Segment Start: Data shown

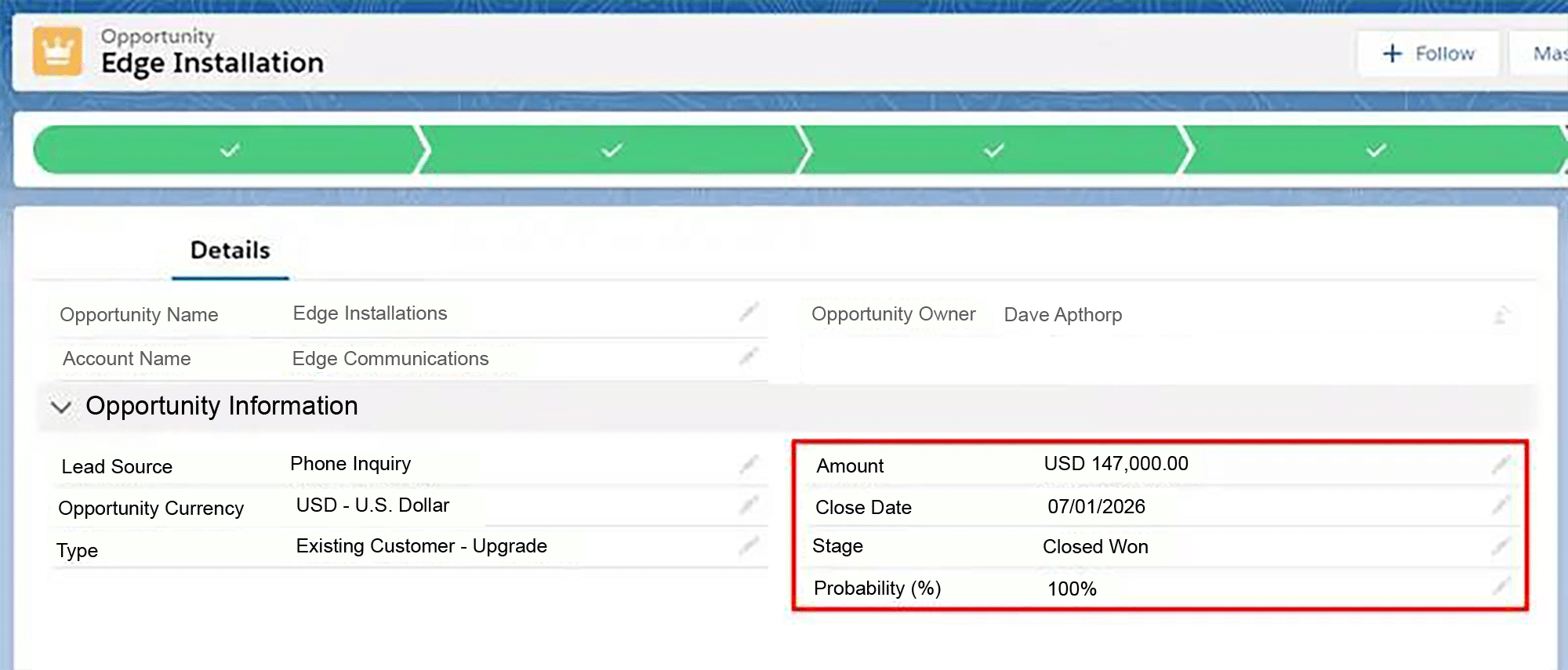 - All schedules update automatically when the opportunity changes. For example, if the Close Date moves, the schedules also move without extra work for the salesperson.
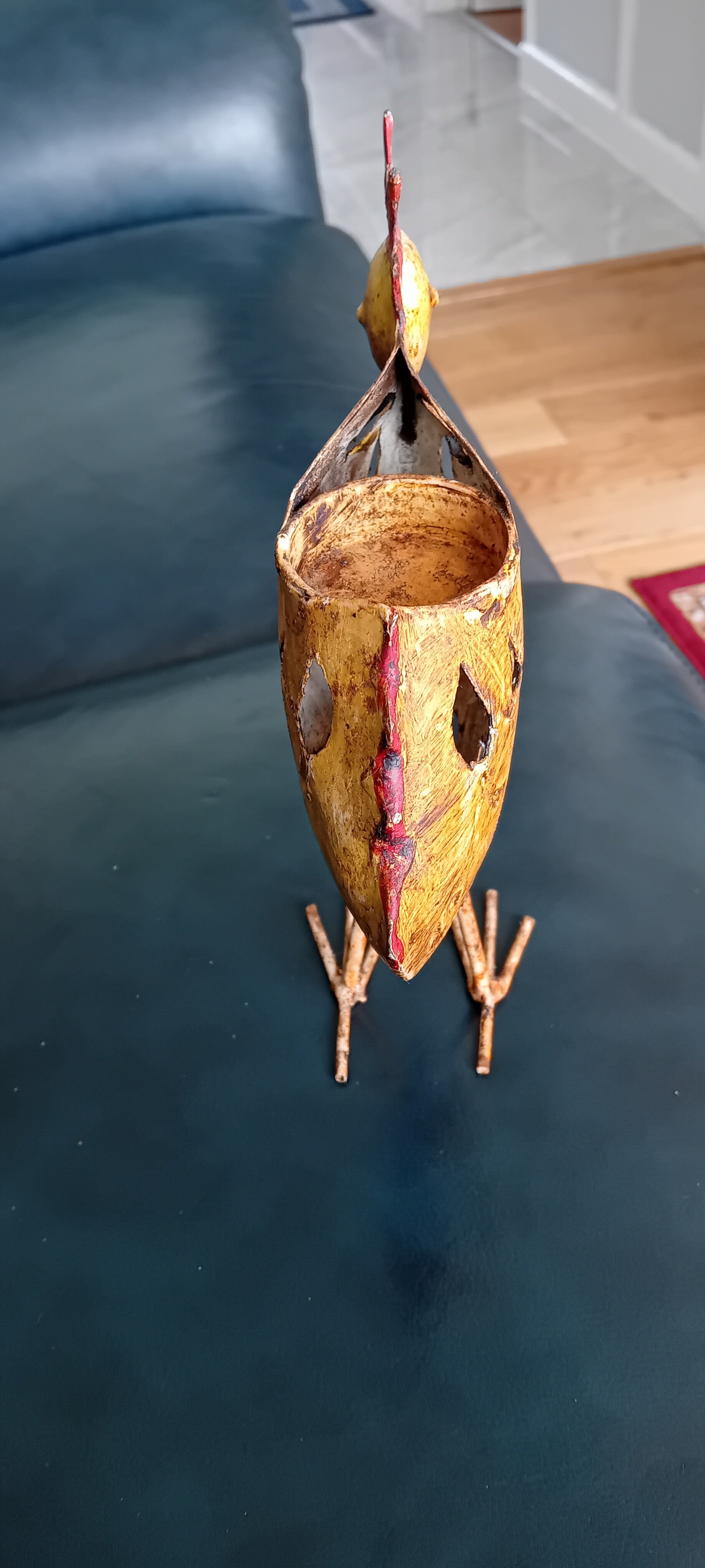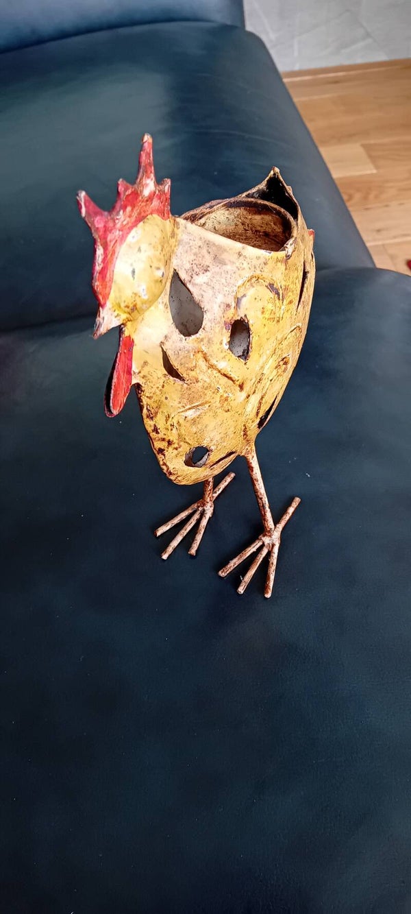 SOLD SOLD PENDING Rustic metal cockerel like candle holder. Uk Postage Only.
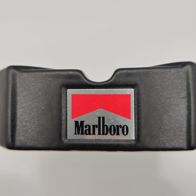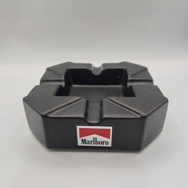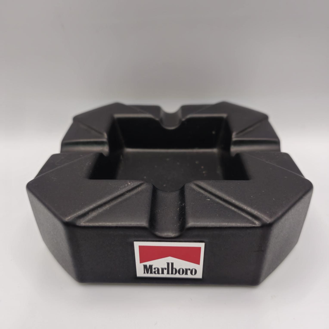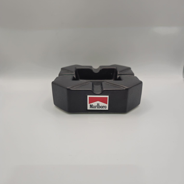​Cendrier de collection Marlboro, noir mat au design octogonal moderne. Il est en excellent état, non utilisé, et présente le logo emblématique de la marque .
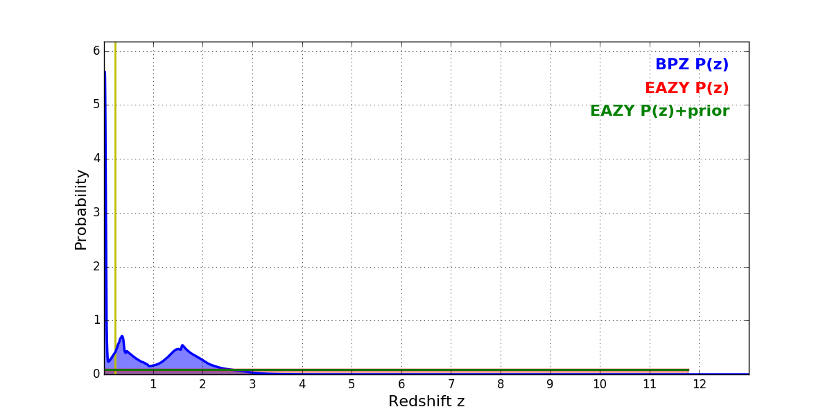 In P(z) plots: Yellow lines mark the cluster redshift z = 0.228,
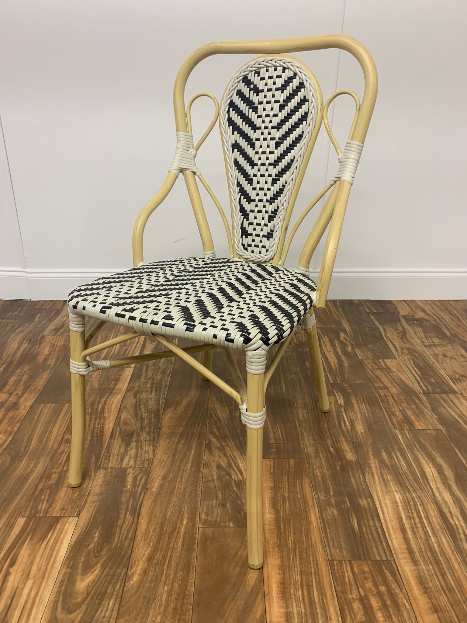 BLACK AND WHITE WICKER RATTAN DINING BISTRO CHAIR
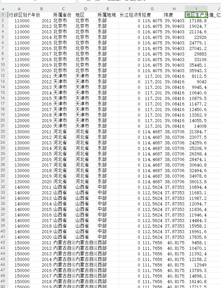 2011-2020各省地区生产总值2011-2020各省地区生产总值
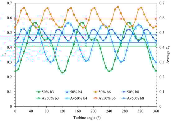 When the torque changes obtained from the 30% GR turbine given in Figure 8 were examined, it was determined that the maximum torque coefficients closest to the maximum torque coefficients obtained were obtained at 20%, 50%, and 60% GR. It was determined that the torque coefficient changes of the turbines with PS at 20% and 50% of GR were almost the same. However, it was found that the torque coefficient change values obtained from the turbine with the other GR value of 60% were smaller values. For all these reasons and due to the turbine blade design freedom, the blade addition improvement studies performed with a turbine with a PS of 50% GR at a tip speed ratio of λ = 0.33 are shown in Figure 11. As can be seen in the figure, increasing average torque coefficient values were obtained with the number of blades being three (b3), four (b4), and six (b6). With the number of blades being eight (b8), a lower torque coefficient value was obtained than the torque coefficient value obtained with the number of blades being six. Therefore, the maximum average torque coefficient and smoother variation were obtained from the six-bladed turbine with 50% GR. It was determined that the average torque coefficient value obtained with the six-bladed turbine was increased by approximately 45% compared to the torque coefficient value obtained from the three-bladed turbine.
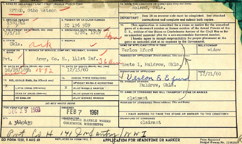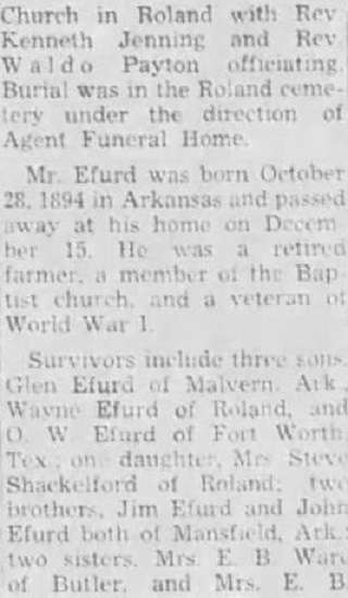 Otho Watson Efurd was born October 28, 1894 in Greenwood,
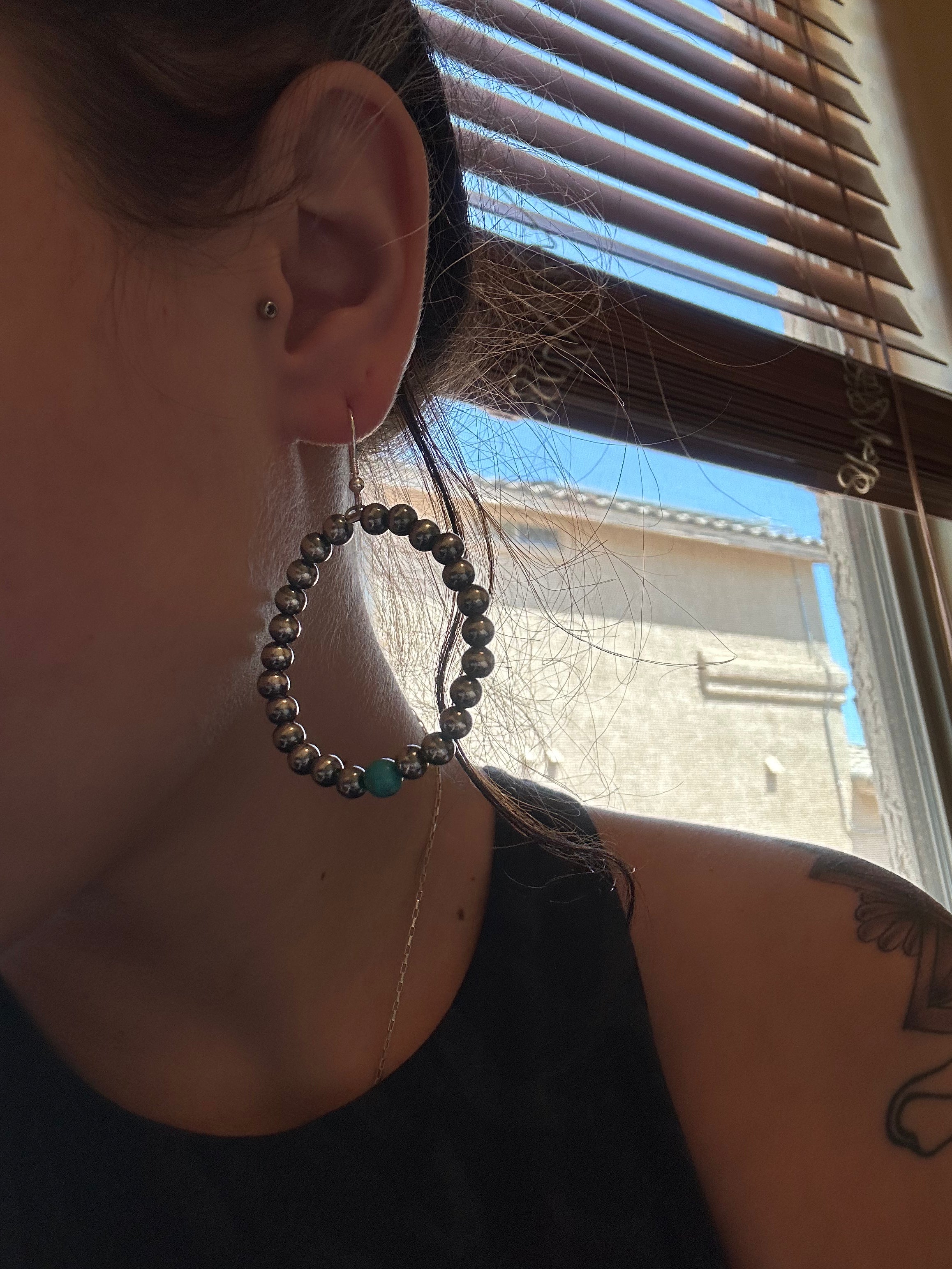 Beautiful earrings, perfect for your everyday wear. Navajo Made Kingman Turquoise & Sterling Silver Pearls Dangle Hoop Earrings. It measures 2 1/2 inches long and 1 5/8 inches wide.
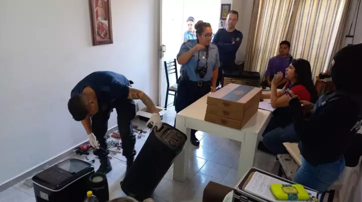 Tras este episodio, la policía realizó ayer un allanamiento en calle Estivariz al 1400, donde se logró el secuestro de varios objetos vinculados al ilícito, entre los que se destacan (03) cajas de vino sin abrir, parlantes de música, una caja de cartón con vainas de cuchillo y utensilios de cocina, un arma de fabricación casera de color gris y un aire comprimido tipo pistola. También se encontraron una máquina de hacer hielo Philco, un taladro, y la suma de $300.000, elementos sustraídos al damnificado.
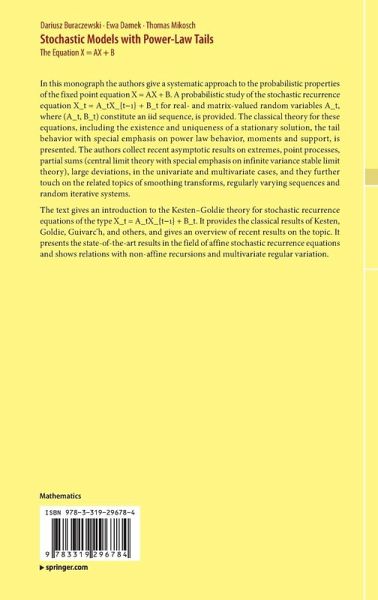 In this monograph the authors give a systematic approach to the probabilistic properties of the fixed point equation X=AX+B. A probabilistic study of the stochastic recurrence equation X_t=A_tX_{t-1}+B_t for real- and matrix-valued random variables A_t, where (A_t,B_t) constitute an iid sequence, is provided. The classical theory for these equations, including the existence and uniqueness of a stationary solution, the tail behavior with special emphasis on power law behavior, moments and support, is presented. The authors collect recent asymptotic results on extremes, point processes, partial sums (central limit theory with special emphasis on infinite variance stable limit theory), large deviations, in the univariate and multivariate cases, and they further touch on the related topics of smoothing transforms, regularly varying sequences and random iterative systems.
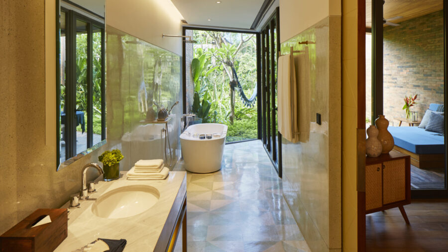 広々としたバスルームにはバスタブを設置

Segment End: Data shown

About this task: Print nothing except the lines above from the one containing "Otho Watson Efurd" down to the one containing "Beautiful earrings, perfect", both included, exactly as written and free of pictures.

Answer area:
 Otho Watson Efurd was born October 28, 1894 in Greenwood,
 Beautiful earrings, perfect for your everyday wear. Navajo Made Kingman Turquoise & Sterling Silver Pearls Dangle Hoop Earrings. It measures 2 1/2 inches long and 1 5/8 inches wide.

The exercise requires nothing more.